Ok thanks. So I think it is a different problem, beacuase we solved our problem and was related to a custom content filter applied on that Azure deployment without the Asynchrounous filtering enabled. In default mode in fact the filter waits the generation completion, even in streaming mode.
I also encountered the same problem
bump
I can also confirm that issue in combination with springai. It is also not related to my GPT model / azure deployment. Using the npm package (@azure/openai) the streaming works without issues.
@bruno-oliveira for a possible solution see communication in https://github.com/spring-projects/spring-ai/pull/1054 At least for me that is working..
I can also confirm this bug. Previously (A couple of months) ago this worked. Here is my service method:
public Flux<ServerSentEvent<ConversationModelDto>> generateStream(String message) {
UserMessage userMessage = new UserMessage(message);
Prompt prompt = new Prompt(List.of(userMessage));
return chatClient.stream(prompt)
.map(chatResponse -> {
String resp = chatResponse.getResult().getOutput().getContent();
ConversationModelDto conversationModelDto = ConversationModelDto.builder()
.type("bot")
.message(resp)
.sessionToken("999")
.build();
return ServerSentEvent.builder(conversationModelDto).build();
});
}
```
I am mapping to a dto before using a ServerSentEvent to stream the data to an EventSource in an Angular app. Like I said, previously worked but now it seems the JSON returned is truncated somehow and Jackson can't cope.
Here is an example of the error message:
```
2024-07-31T11:06:19.776+02:00 ERROR 9356 --- [AiExampleProject] [oundedElastic-1] c.a.c.i.MethodHandleReflectiveInvoker : Unexpected end-of-input in VALUE_STRING at [Source: (byte[])"{"choices":[{"content_filter_results":{"hate":{"filtered":false,"severity":"safe"},"self_harm":{"filtered":false,"severity":"safe"},"sexual":{"filtered":false,"severity":"sa"; line: 1, column: 174]
2024-07-31T11:06:19.777+02:00 ERROR 9356 --- [AiExampleProject] [oundedElastic-1] c.a.c.i.s.DefaultJsonSerializer : com.azure.json.implementation.jackson.core.io.JsonEOFException: Unexpected end-of-input in VALUE_STRING at [Source: (byte[])"{"choices":[{"content_filter_results":{"hate":{"filtered":false,"severity":"safe"},"self_harm":{"filtered":false,"severity":"safe"},"sexual":{"filtered":false,"severity":"sa"; line: 1, column: 174]
You can see that the JSON has been truncated. Whats interesting is that untruncated JSON continues to be returned and the truncated is skipped but this results in the output being a little nonsensical.
Here is some test output from post man, for reference the prompt said tell me a bedtime story. Oldest response is at the bottom. When this works I see "once upon a time" but here you can see the words "you" and "once upon a" are missing.

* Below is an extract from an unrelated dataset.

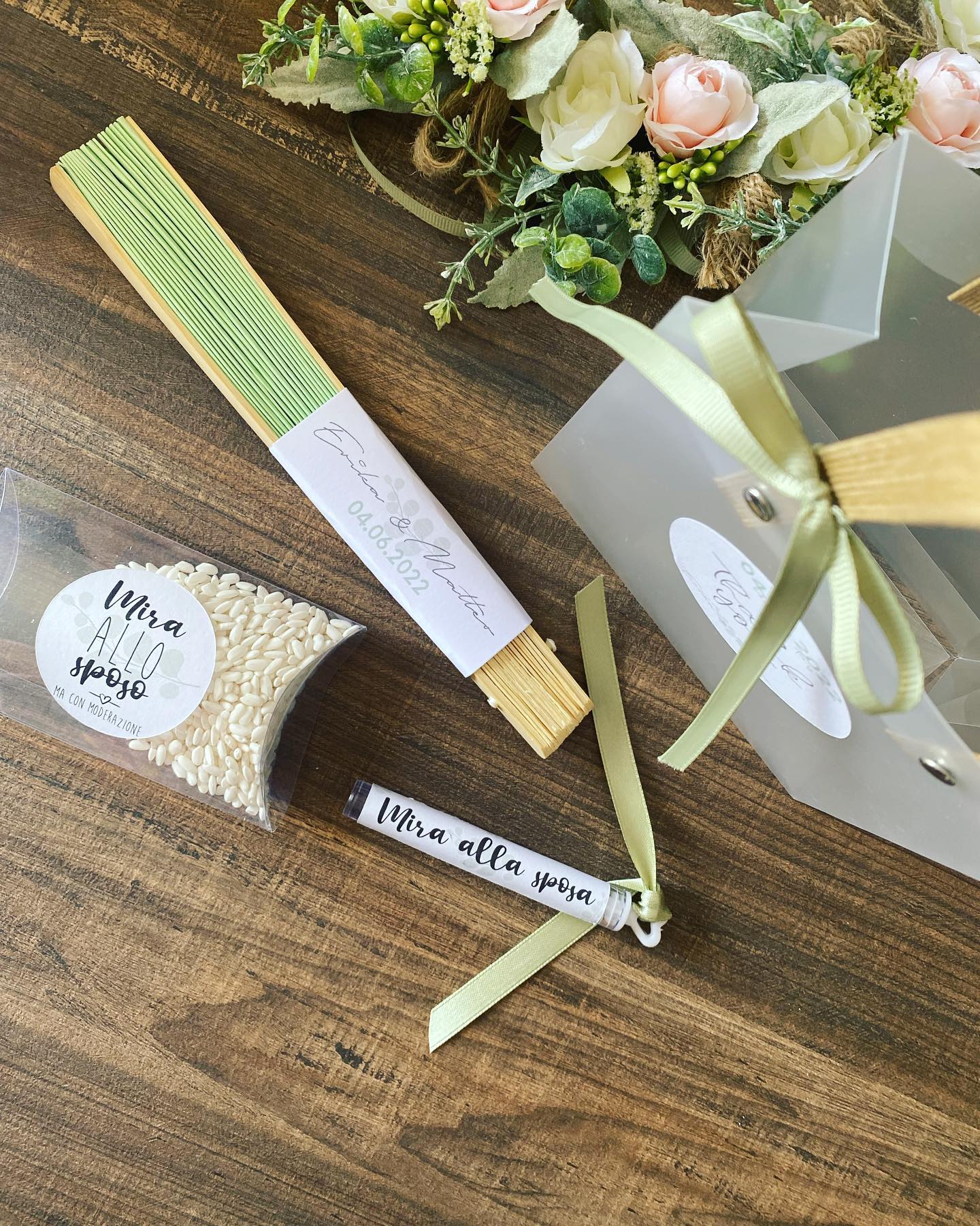 Sulla parte frontale verrà applicato a scelta un adesivo con grafica personalizzata per te o un tag esterno tondo in cartoncino

{"message":" time","type":"bot","sessiontoken":"999"}
09:59:25
{"message":" for","type":"bot","sessiontoken":"999"}
09:59:25
{"message":" bedtime","type":"bot","sessiontoken":"999"}
09:59:25
{"message":" cozy","type":"bot","sessiontoken":"999"}
09:59:25
{"message":" a","type":"bot","sessiontoken":"999"}
09:59:25
{"message":"Certainly","type":"bot","sessiontoken":"999"}
09:59:25
{"type":"bot","sessiontoken":"999"}
Hi @bruno-oliveira, the Azure OpenAI Inference SDK has been deprecated and won't receive updates in its current form. This package will be repurposed to provide Azure types to be used with the official OpenAI Java SDK in the future, but there is not much detail I can provide at this point in time, as things are still in flux. We have provided a basic migration guide for this in this folder.
Hi @bruno-oliveira. Thank you for opening this issue and giving us the opportunity to assist. To help our team better understand your issue and the details of your scenario please provide a response to the question asked above or the information requested above. This will help us more accurately address your issue.
Hi @bruno-oliveira, we're sending this friendly reminder because we haven't heard back from you in 7 days. We need more information about this issue to help address it. Please be sure to give us your input. If we don't hear back from you within 14 days of this comment the issue will be automatically closed. Thank you!